Pathos signifie à la fois souffrance (notamment souffrance jusqu’à la mort) et modification (notamment transformation en un être immortel).

La souffrance et la jouissance comme sources de savoir. Le serpent a offert la connaissance à Adam et à Ève. Les sirènes ont offert la connaissance à Ulysse. Ces histoires enseignent que l’âme se perd en cherchant la connaissance dans le plaisir. Pourquoi ? Le plaisir peut-être est innocent, à condition qu’on n’y cherche pas la connaissance. Il n’est permis de la chercher que dans la souffrance.

L’infini qui est dans l’homme est à la merci d’un petit morceau de fer ; telle est la condition humaine ; l’espace et le temps en sont cause. Impossible de manier ce morceau de fer sans réduire brusquement l’infini qui est dans l’homme à un point de la pointe, un point à la poignée, au prix d’une douleur déchirante. L’être tout entier est atteint un moment ; il n’y reste aucune place pour Dieu, même chez le Christ, où la pensée de Dieu n’est plus du moins que celle d’une privation. Il faut arriver jusque-là pour qu’il y ait incarnation. L’être tout entier devient privation de Dieu ; comment aller au delà ? Il n’y a plus, après cela, que la résurrection. Pour aller jusque-là, il faut le contact froid du fer nu.

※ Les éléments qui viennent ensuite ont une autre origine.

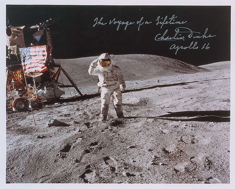 Color satin-finish 10 x 8 photo of Duke saluting the flag on the lunar surface, signed in silver ink, “The voyage of a lifetime, Charlie Duke, Apollo 16.” In very fine condition.

Il faut au contact du fer se sentir séparé de Dieu comme le Christ, sans quoi c’est un autre Dieu. Les martyrs ne se sentaient pas séparés de Dieu, mais c’était un autre Dieu et il valait mieux peut-être ne pas être martyr. Le Dieu où les martyrs trouvaient la joie dans les tortures ou la mort est proche de celui qui a été officiellement adopté par l’Empire et ensuite imposé par des exterminations.

Dire que le monde ne vaut rien, que cette vie ne vaut rien, et donner pour preuve le mal, est absurde, car si cela ne vaut rien, de quoi le mal prive-t-il ?

Ainsi la souffrance dans le malheur et la compassion pour autrui sont d’autant plus pures et plus intenses qu’on conçoit mieux la plénitude de la joie. De quoi est-ce que la souffrance prive celui qui est sans joie ?

Et si on conçoit la plénitude de la joie, la souffrance est encore à la joie comme la faim à la nourriture.

Il faut avoir eu par la joie la révélation de la réalité pour trouver la réalité dans la souffrance. Autrement la vie n’est qu’un rêve plus ou moins mauvais.

Il faut parvenir à trouver une réalité plus pleine encore dans la souffrance qui est néant et vide.

De même il faut aimer beaucoup la vie pour aimer encore davantage la mort.